Oscar de Sergio Morkin
Una pequeña joya, lamentablemente vista por muy pocos. Este excelente documental argentino retrata las vivencias de Oscar Brahim un inconforme taxista porteño que no se traga el rollo de la publicidad callejera y la interviene para denunciar sus intereses o para voltear su significado. Transgresor político y estético, Oscar cuestiona a fondo el mercantilista mundo que nos rodea. Por su parte Morkin trabaja el documental con una cercanía y apego a su personaje que acá se puede decir con acierto que él quiere a su personaje. Una inestimable experiencia fílmica.

Con ánimo de amar (Fa yeung nin wa) de Wong Kar-wai
Y bueno, si tuviera que quedarme con una sola película en el año sería esta. Fue un domingo por la noche que con Laslo y Jorge fuimos a ver por fin en el cine la aclamada cinta del maestro Wong Kar-wai, yo ya la había visto varias veces, pero siempre en mi gastada copia del DVD de Criterion, asi es que era un sueño cumplido ver a Tony Leung y Maggie Cheung entrecruzar sus vidas en el Hong Kong de los sesentas. Excelente foto de Chris Doyle, igual la música de Umebayashi y Nat King Cole, la extrema estilización de los escenarios y decorados y por siempre ¡Maggie Cheung!

Himalaya (Himalaya – L’enfance d’un chef) de Eric Valli
Una agradable sorpresa en nuestra mezquina cartelera. Ver el esforzado andar de una caravana de tibetanos en el techo del mundo fue una experiencia gratificante, plena de sabiduría y acercamiento al sentir y pensar de otra cultura, Eric Valli se compromete con la historia y eso se nota. El viejo Tinle es un gran personaje, uno de los mejores del cine que vi en 2005.

King Kong de Peter Jackson
El neozelandés ha adquirido un nivel de maestría en el uso del CGI, que lo pone como el referente a tener en cuenta en este campo, pero eso no basta para definir una buena película. Aquí también demuestra (por si quedaba duda después de The Lord of the Rings) que sabe dotar de personalidad propia a sus producciones y lo más importante, que sabe manejar la parte dramática, labor titánica en este caso si se tiene en cuenta que busca igualar el clásico de 1933, sale airoso.

La caída (Der untergang) de Oliver Hirschbiegel
Y aquí el último estreno del año, que particularmente me dejó una excelente impresión.
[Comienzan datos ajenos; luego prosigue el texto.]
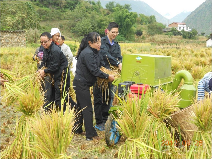 幫助“親戚”打谷子。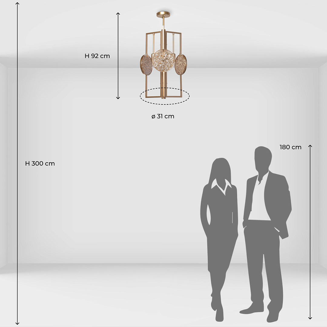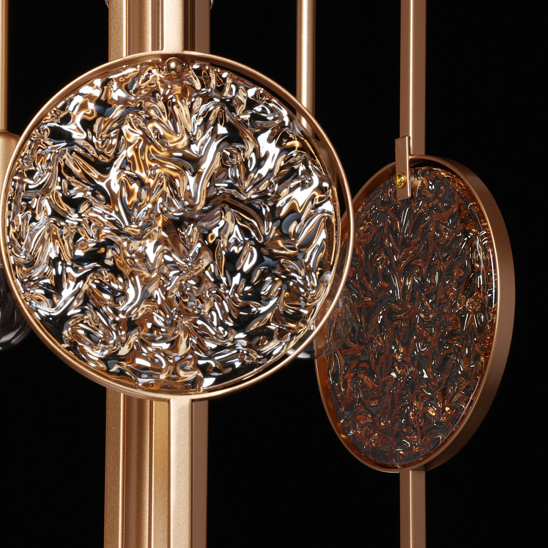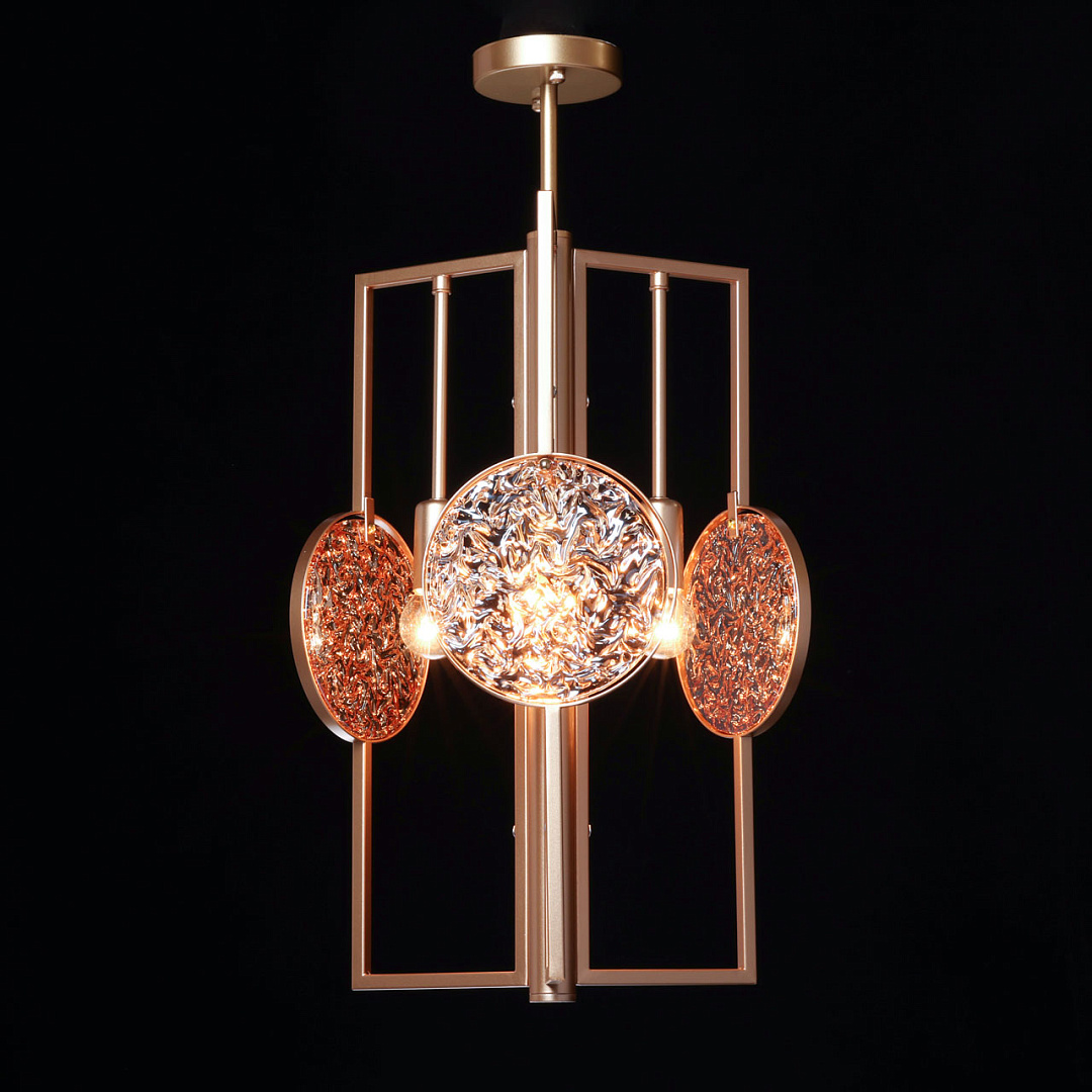 Цвет основания перламутровое золото добавляет подвесной люстре шарма и привлекательности. Оригинальные декоративные элементы из фактурного стекла придают люстре уникальности, делают ее прекрасным дополнением к интерьеру. Янтарный цвет стеклянного декора мягко рассеивает свет, создавая романтичную атмосферу. Возможность устанавливать комфортную высоту. Заменяемые источники света удобны в эксплуатации.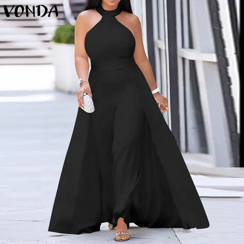 2021 Летний комбинезон VONDA, женские длинные брюки-Палаццо с широкими штанинами, однотонные брюки большого размера без рукавов, сексуальный женский комбинезон с воротником-халтером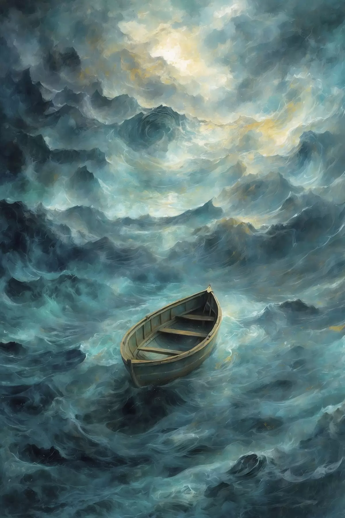 Poster Boot auf Wellen in einem stürmischen Meer Nr f47272
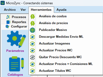 En la parte superior de Microzync, encontrará la opción de «Herramientas», donde verá diferentes opciones como «Precios Tierd WC», «Análisis de Costos», «Análisis de Precios», «Publicador Masivo», «Descargar Medidas Envío ML», «Actualizar Imágenes» y «Actualizar Precios + Comisiones ML».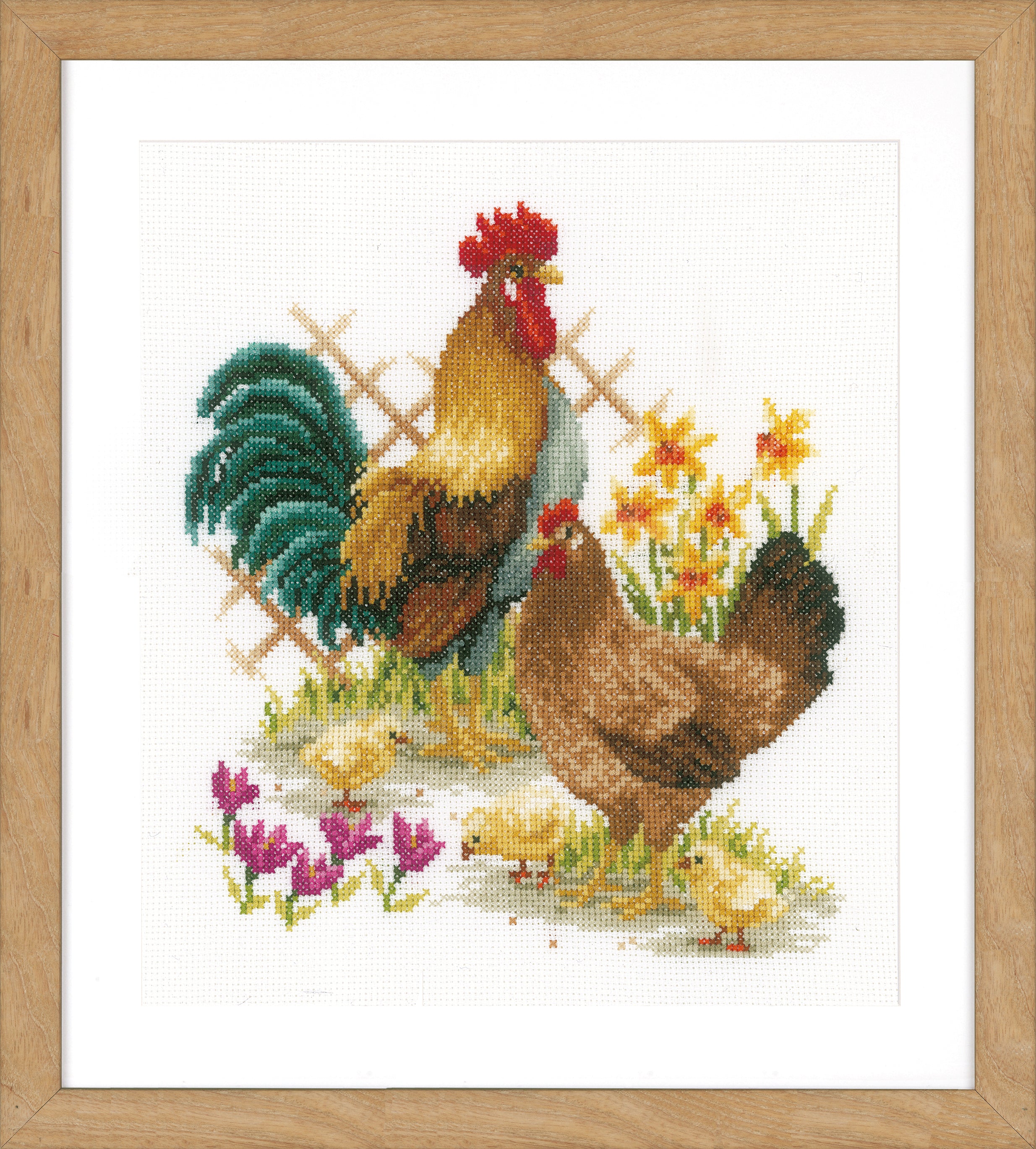 - Kit includes: 18 count, white, cotton, aida fabric; pre-sorted, stranded cotton threads; needle; large-square charted design; front sheet picture and instructions in 8 languages (EN, NL, FR, GER, IT, SP, RU, SW).

Además del enorme trabajo de Bruno Ganz como Hitler, hay que reconocer la destreza del director alemán para tratar un tema tan peliagudo como este. El retrato humano del mayor monstruo del siglo pasado, no se decanta por la simple denuncia sino que se ocupa en averiguar el contexto y las causas de la barbarie nazi. Actuaciones impecables, reconstrucción de época precisa y una historia plena de tensión dramática pero con toques de humor y libertad en el relato que hacen transcurrir sus 156 minutos como si nada.